Building an investment philosophy is not easy, but simply organizing my current principles and direction is meaningful. Even if it is not perfect, I plan to record what matters now and revise it over time.

Draft investment philosophyPrinciples to record and keep revising
Long-term goalIncrease future cash flow after retirement
Volatility responseControl emotion through research and conviction
ConcentrationLow PBR band and high probability of realization
Crisis judgmentReview management’s past responses
Select good industries and good managers to grow future cash flow.

1. Set the long-term goal

The purpose of investing is not short-term cash flow, but increasing future cash flow after retirement.

Over the long term, I want to look toward the point when I receive pension income, focus on assets with sustainable advantages, and invest without being shaken by volatility. In particular, I want to invest where assets can grow and select good industries and managers.

Interpretation: My goal is not near-term price movement. It is to hold assets that can increase future cash flow over time.

2. Endure volatility

Market volatility is unavoidable. As the saying goes, stocks move from those who cannot endure volatility to those who can. I want to practice investing that does not shake, based on thorough research and conviction in the company.

Rally

Check when it feels good

When a stock rises sharply and I feel good, I revisit the original investment idea.

Idea

Review further growth

I check whether there is additional future growth or a realizable idea.

Alternatives

Compare undervalued assets

I also check whether assets such as government bonds, gold, or dividend stocks are deeply undervalued.

At that point I should ask myself: “If there are many undervalued assets available, does it still make sense to keep concentrating in this stock?”

3. Concentrated investing and crisis response

Concentrated investing should be limited to companies near the bottom of their PBR band and companies where I judge future change to be at least 95% likely to materialize.

I analyze how a company handled past crises and use management’s decision-making in those moments as an important criterion.
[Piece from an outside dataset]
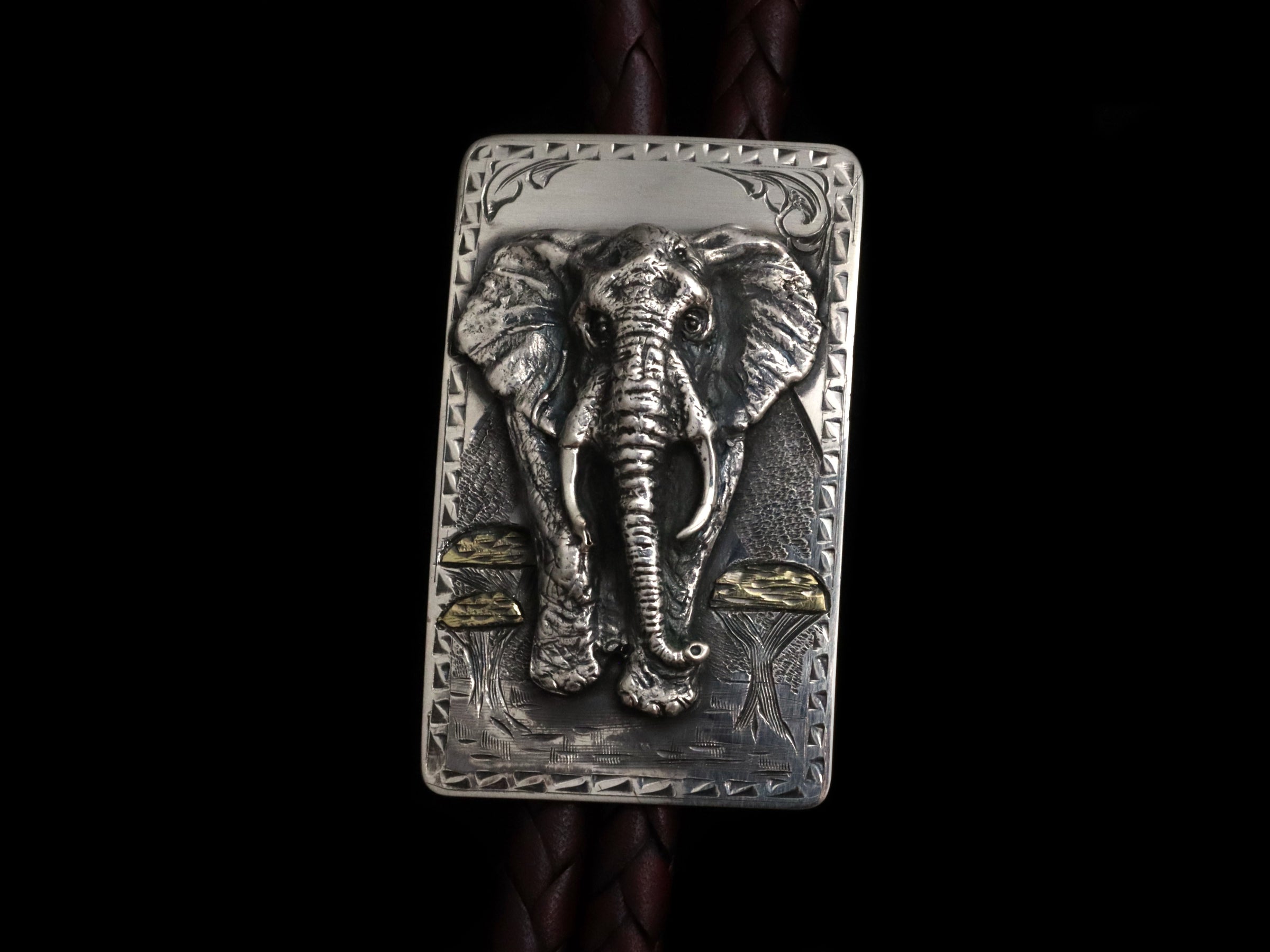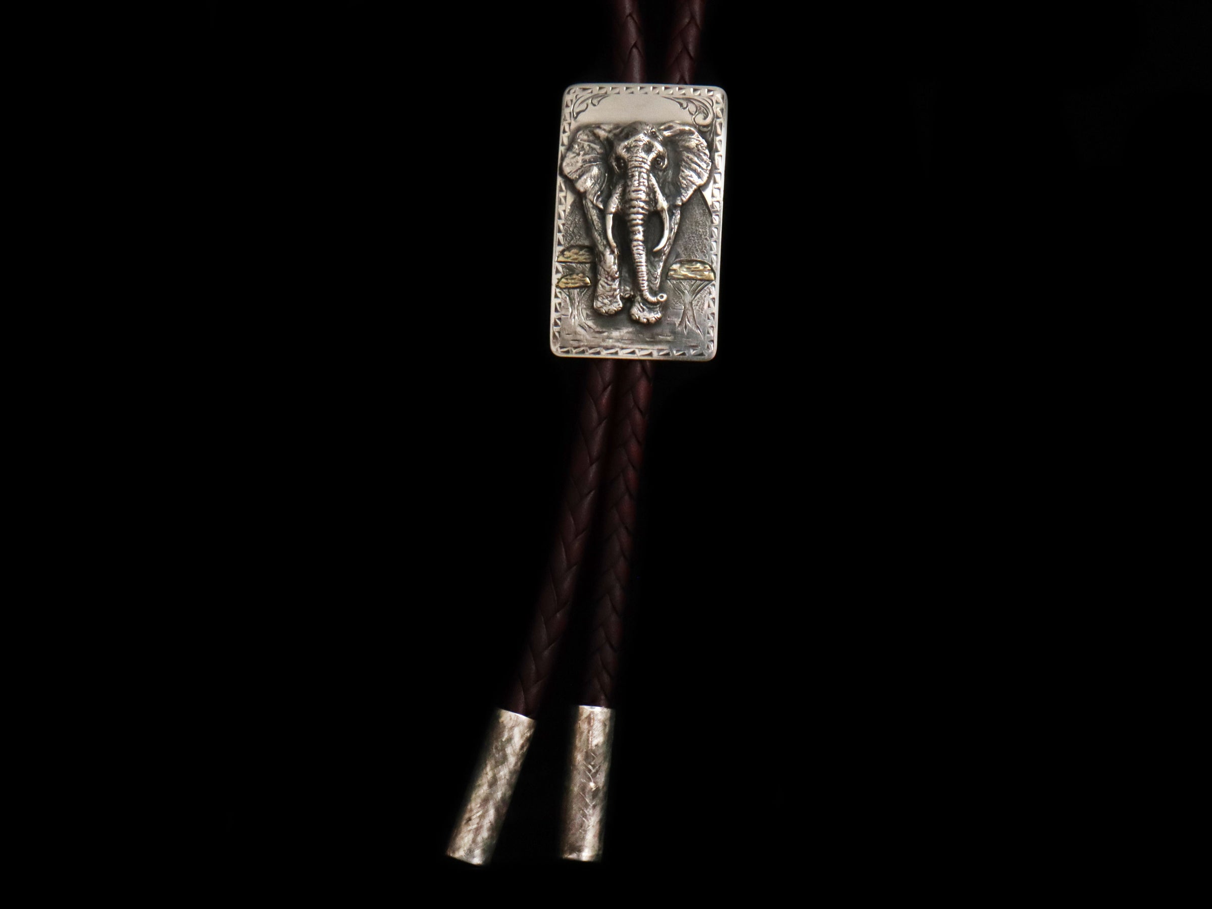 The Hatari Elephant Bolo 18k by Comstock Heritage is a true showpiece, handcrafted from solid Sterling silver and designed to make a statement. Spanning 4" tall, this striking bolo features a bold Sterling elephant coming at you from the 18k green gold tree tops.

I also look carefully at companies that outperform on the chart during market crisis periods.

Interpretation: In a crisis, many companies’ share prices can move into oversold territory, so there may be cases where valuation matters somewhat less than usual. Crisis response and management judgment become more important.

4. Execution checklist

  • Confirm that the purpose of investing is increasing future cash flow.
  • Evaluate both the industry quality and the quality of management.
  • When a stock rises sharply, revisit the original investment idea.
  • Compare whether alternatives such as government bonds, gold, or dividend stocks are undervalued.
  • Limit concentrated investing to cases that pass the low PBR band and 95% realization-probability standards.
  • Review how management made decisions during past crises.